Вся семья сидела за поздним завтраком. Даша смутилась: я как всегда вовремя!
– Лапушка! Проходи, проходи, садись с нами, – ласково приглашала ее мать подруги, – мы припозднились сегодня. Она подвинулась на лавке, уступая место. Ели кислые блины, обмакивая их в заквашенное молоко, не особенно заботясь о наступившем посте. Даша уселась рядом с подругой и, впервые за утро, свободно перевела дух.
Кирюха, Глашкин брат, поддел девушку:
– Что, Дашка, мать из дома выгнала? В такую рань в деревню приперлась?
Ни для кого не был секретом характер Катерины.
– Да нет, я сама. Перед Рождеством надо купить гостинцы, – улыбнулась Даша.

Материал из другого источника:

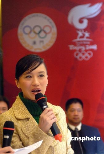 經(jīng)過千挑萬選,參加2008北京奧運圣火傳遞活動的一百二十名澳門火炬手已確定。二月十八日,澳門火炬手李菲在奧林匹克總部舉行的新聞發(fā)布會上首次亮相。五月三日,奧運圣火將傳至澳門,由一百二十名火炬手沿澳門二十六公里的路線完成火炬?zhèn)鬟f,交至中國三亞市。中新社發(fā) 史利 攝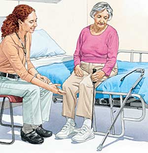 - Сначала пациента сажают на кровать на несколько минут, постепенно увеличивая это время. Затем его обучают стоять. По мере улучшения состояния больной начинает сидеть, вставать и ходить без посторонней помощи. При необходимости можно использовать опору, такую как стул или трость.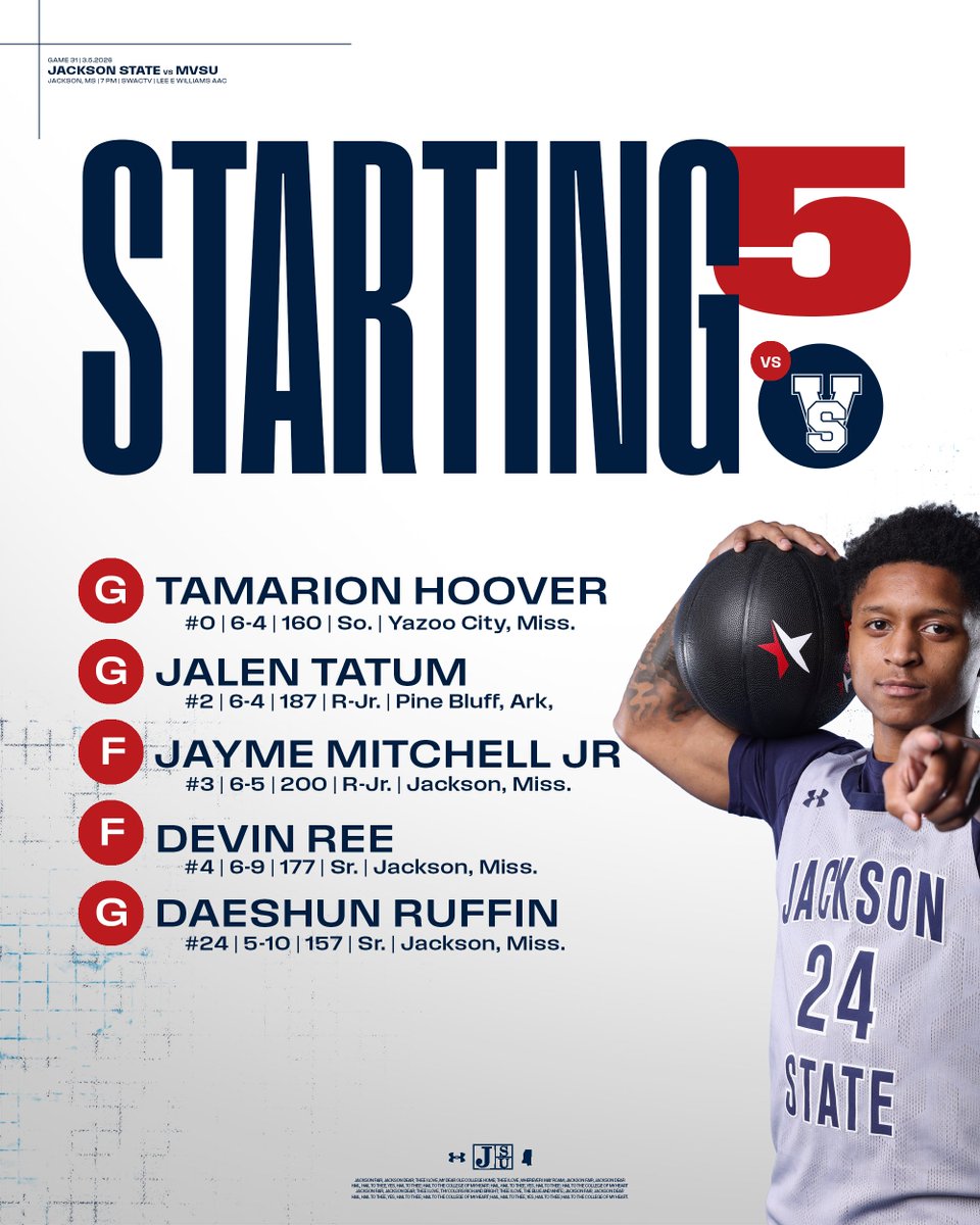 Jackson State Men's Basketball@GoJSUTigersMBBTonight's starters #TheeILove | #BleedTheeBlue2 months ago•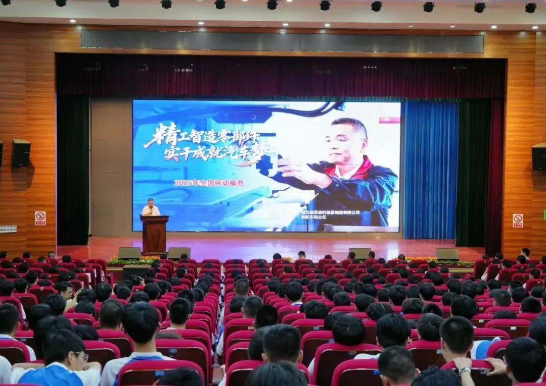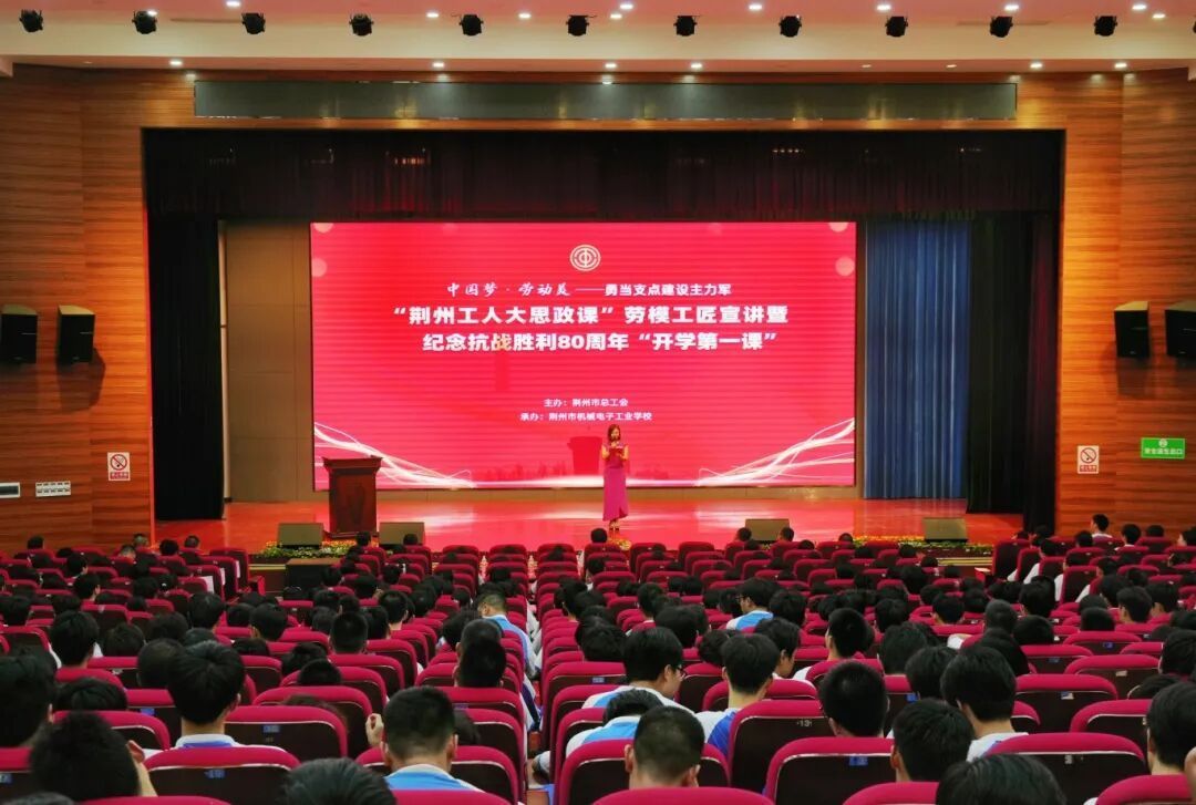 9月2日下午,由湖北省荆州市总工会主办的荆州“中国工人大思政课”劳模工匠宣讲走进荆州市机械电子工业学校,此次活动作为纪念中国人民抗日战争暨世界反法西斯战争胜利80周年的重要专场,以“开学第一课”的形式,为500名师生代表带来了一场深刻而生动的思想洗礼。

– С подружкой повидаться тоже надо, – поддержала ее Шура.
Глашка многозначительно подмигнула Даше, вылезая из-за стола. Та, извинившись, последовала за ней. Они отправились в пустую горницу. Глашка нетерпеливо схватила подругу за руку: давай рассказывай, целовались вчера?
По лицу Даши расплылся яркий румянец.
– Один раз только.
– Ну и что? – любопытству подруги не было предела.
– Ничего! Братья начали кричать, – обиженно сказала Даша, – я ничего и не поняла. Любит он меня или нет?
Глашка расхохоталась: эх ты! Маленькая еще понимать!
– А ты знаешь, Дашка, – девушка посерьезнела и заговорщицки глянула на подругу, – надо погадать под Рождество! Говорят из спичек надо сложить колодец под подушкой. А как засыпать будешь, скажи: суженый, ряженый, приди ко мне наряженный водицы испить. Придет к тебе князь богатый высокий усатый, – Глашка поднялась на носках, приложила пальцы к верхней губе, пытаясь убедительнее показать воображаемого князя. Даша, глядя на нее, не смогла сдержать улыбки.
– Вот увидишь! Кто явится – за того и замуж! – убеждала неугомонная Глашка. – Вон Улька Орлова рассказывала, что приснился ей Степан. За него и вышла. Эх! Хоть бы мне приснился богатый, высокий, усатый! – мечтательно произнесла Глашка.
– Ой, уморила! – смеялась Даша, – в нашей деревне усатые – только старики пузатые! Да и те не особо богатые.
– Не скажи! – не унималась Глашка, – у стариков, поди, сыновья есть! А старики не вечные. Вон Алешка-лавочник, чем не жених – высокий, симпатичный!
– Наум на погост не спешит! – перебила ее Даша.
– Так и Алешка мне не нужон! – махнула рукой Глашка, – в лавке сидеть! Скукота! Мне бы такого, чтоб веселый был, шебутной.
– Так то Никита! – воскликнула Даша, – он тебе нравится?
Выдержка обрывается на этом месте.